Phew ok, alot to answer, I'll try my best.
The objective of good optimization usually isn't fixing why lines are slow but fixing why lines are called so often. Try to pick a better algorithm or storage container for your use case and you can usually improve performance.
I will think about that, but I'm not really sure there is another way than bruteforce. Remember, I'm trying to solve theoretical model games, and once the rules become more complex, it's almost impossible to solve the game by solving equations. Instead I'm just looking at every Decision Point with every hand (this is why the loops get so large) and try to find the best response.
the lookup table is probably too big to fit in the cache
This sounds interesting. My tables are computed like this:
/* 1326 * 1326. True if card conflicts with hand. */
static std::vector<std::vector<bool>> fillCardConflictsHand() {
std::vector<std::vector<bool>> result;
for (int card = 0; card < kNumCards; card++) {
result.push_back(std::vector<bool>());
for (int hand = 0; hand < kNumHands; hand++) {
if (handsToCardArray[hand].first == card || handsToCardArray[hand].second == card)

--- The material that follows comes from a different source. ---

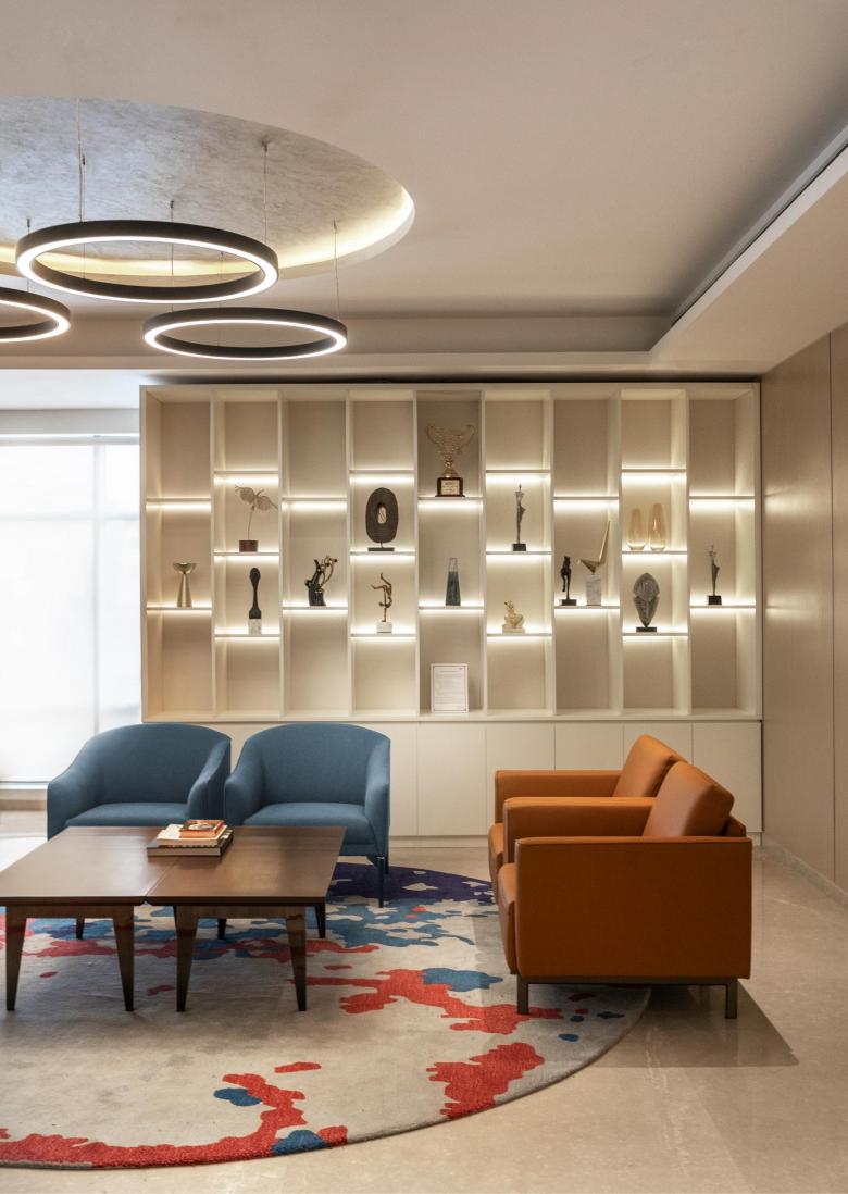 The architects personalized the modern office space for the Adani Group by integrating brand colors into its interiors. In summary, Adani Realty's Gurugram office shines as a fitting example of innovation, sustainability, and employee-centric design, elevating the standards for corporate workspaces globally.

result[card].push_back(true);
else
result[card].push_back(false);
}
}
return result;
}
static std::vector<std::vector<bool>> cardConflictsHand = fillCardConflictsHand();
Then all I'm doing ist:
inline bool Poker::handConflictsCard(startingHand h, card c) {
if (c < kNumCards)
return cardConflictsHand[c][h];
else
return false;
}
First, is that the release build or the debug build?
It's the release build.
How big is kNumHands?
kNumHands is 1326. I believe it does have to be that large, because for every hand a player CAN have, I need the frequency (float) with which he holds that hand. While we're talking about floats. I could give up a little precision and use bytes to represent a percentage from 0to100 instead, but that has nothing to do with my performance, does it?

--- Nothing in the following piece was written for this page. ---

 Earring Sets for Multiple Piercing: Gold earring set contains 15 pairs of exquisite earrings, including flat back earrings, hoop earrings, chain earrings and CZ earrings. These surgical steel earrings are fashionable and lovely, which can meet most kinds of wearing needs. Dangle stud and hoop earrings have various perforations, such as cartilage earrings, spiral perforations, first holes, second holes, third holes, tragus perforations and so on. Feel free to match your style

what is the code behind handRange::operator[](int) ?
handRange is a simple typedef.
typedef int card; /* 0..51 */
typedef int rank; /* 0..12 */
typedef int suit; /* 0..3 */
typedef int startingHand; /* 0..1325 */
typedef card holdemBoard[kBoardLength]; // numerical representation
typedef float equity;
typedef float EV;
typedef float frequency;
typedef float chips;
typedef frequency handRange[kNumHands];
Once I started the project, I felt this would give me a better idea of what I'm doing. I know regret that a little bit, but I don't think it has to do with performance?
unless perhaps your function is not returning a float and the result needs to be converted.

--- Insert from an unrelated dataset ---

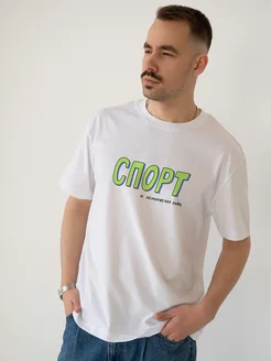 Футболка удлиненная оверсайз базовая белая с принтом Спорт

Thats not the case here, but do type conversion take a lot of time?
In the second image I note that the offending 25% line has got (1) a dereference or arrow operator on a class, (2) a function call with parameters, (3) an array index or operator[] on an unspecified class, (4) a multiply of unknown types possibly resulting in a class function, and (5) a += operator on a class.
The function is defined like the following:
class EquityArray {
public:
EquityArray(holdemBoard board_);
/**
* Returns the equity of hero vs. villain on the equity array's board.
* It's much faster than the the getEquityVsHand function, and should such be used whenever possible.
*/
inline equity getEquity(startingHand hero, startingHand villain) const {
if (hero > villain)
return 1.0f - equities[villain][hero-villain];
else
return equities[hero][villain-hero];
}
private:
std::vector< std::vector< equity >> equities;
The vector<vector<equity(float)>> here is precomputed. It gets saved locally and loaded once the Object is created (this is before all the computations are done, I'm then just passing const pointers of it). The parameters are copied, but both of them are ints, so I don't think thats a big deal?
For the third image I see (1) an operator[](int) that is being assigned a value, (2) a function with two paramters, and (3) an assignment operator, inside (4) a nested loop.
I showed you my handRange typedef. Get cardFromHands is again looking up an integer between 0..51 in a table with 1326 entries.
Thanks alot, already guys. Really appreciate you taking the time.
Edit: Just to give you a better idea. The tree I'm currently working on has ~750nodes. 10Iterations, each doing..
1) setting A's best strategy
2) setting B's best strategy
..take around 55seconds to complete.